Les chercheurs ont retenu 7 essais cliniques dans leur analyse en rapport avec l’objet de la recherche. 6 essais comparaient l’efficacité entre différents antibiotiques tandis qu’1 seul comparait les résultats du traitement à ceux obtenus avec un placebo. Au total, les essais cliniques intégraient 450 patients européens. Les antibiotiques suivants ont été testés : pénicilline G, doxycycline, ceftriaxone et céfotaxime.

Pour ce qui est des aspects méthodologiques, seules les études randomisées ont été retenues par les chercheurs. Malheureusement, la plupart des études publiées ne le sont pas (les chercheurs et/ou les patients ont connaissance du traitement donné). Toutes les études américaines similaires ont dû être exclues en raison de leurs faiblesses méthodologiques. Enfin, aucune étude n’a étudié les effets d’un traitement tardif.

La méthodologie des études analysées est trop hétérogène que pour pouvoir tirer de conclusions globales. Aucune d’entre elles n’indiquait qu’un antibiotique était meilleur qu’un autre. Une étude n’a pas pu démontrer l’efficacité d’un second traitement (plus long) par un antibiotique oral (amoxicilline) après un traitement intraveineux initial avec ceftriaxone.

Au vu de l’absence de comparaison traitement vs placebo , il est difficile de comparer l’efficacité des traitements antibiotiques avec l’évolution qui aurait été observée parmi les patients.  En général, le traitement a été bien toléré, bien que la qualité des rapports sur les effets indésirables dans la plupart des études soit apparu comme faible.

Selon les conclusions des chercheurs, le niveau de preuve scientifique est faible à très faible et ne repose que sur quelques essais cliniques très limités, hétérogènes et montrant des résultats divergents. Les rares études randomisées ont une portée limitée, présentent des faiblesses méthodologiques  (critères d’inclusion des patients et critères d’efficacité). Même si une majorité de patients ont rapporté une amélioration, il n’est pas possible de tirer de conclusions fermes. Des échecs thérapeutiques et des résultats décevants ont également été rapportés pour une minorité de patients. Ces études n’apportent pas non plus de preuves d’efficacité supplémentaires en cas de retraitement par l’amoxicilline (voie orale) après un premier traitement par ceftriaxone en intraveineuse. Enfin, les chercheurs pointent également un déficit flagrant dans la qualité de la recherche américaine concernant l’évaluation de l’efficacité des antibiotiques dans les formes neurologiques de la maladie de Lyme.
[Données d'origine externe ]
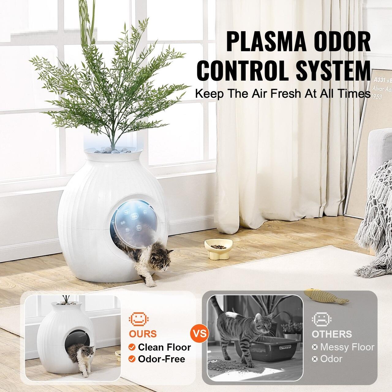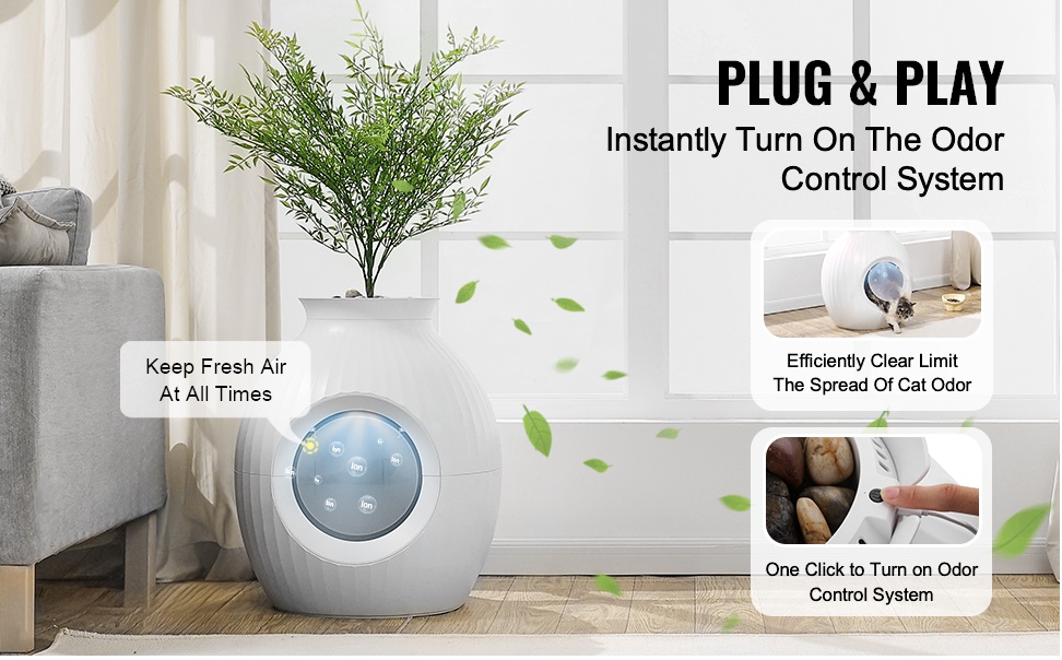 Minimizeaza eficient mirosurile: Cu sistemul de control al mirosurilor cu plasma, aceasta cutie de gunoi pentru pisici poate reduce eficient mirosul urinei si fecalelor de pisica, reduce la minimum raspandirea mirosului in camera si aduce aer proaspat si curat pentru tine si familia ta.

Commentaires d’Alain Loriaux , membre de la FFMVT :

Il est tout d’abord étonnant de retrouver le Dr Paul Auwaerter parmi les auteurs de cette recherche, pour avoir contribué au développement des guidelines IDSA (2006) et avoir participé au groupe « Ad Hoc » dont l’unique but était de contrer les opposants à la thèse dominante. Il n’y pas encore si longtemps, Auwaerter considérait ses opposants à des adeptes de thèses conspirationnistes. Aujourd’hui, ironie du sort, il constate une situation qu’il a lui-même en créée.

Ensuite, il me paraît intéressant de comparer les conclusions de cette recherche avec le contenu des guidelines ILADS (2014) et IDSA (2006). En ce qui concerne l’ILADS, la revue systématique menée par le panel indique que le niveau de preuve est globalement très faible, y compris concernant l’efficacité des traitements antibiotiques quelle que soit la durée du traitement (en raison des faiblesses méthodologiques). Concernant l’IDSA, le panel indiquait qu’il y avait peu de publications scientifiques américaines portant sur les manifestations neurologiques aiguës. En revanche, dans d’autres sections du document, toujours en ne considérant que les aspects neurologiques de la maladie de Lyme, le panel a évalué le niveau de preuve, variant entre … faible et fort !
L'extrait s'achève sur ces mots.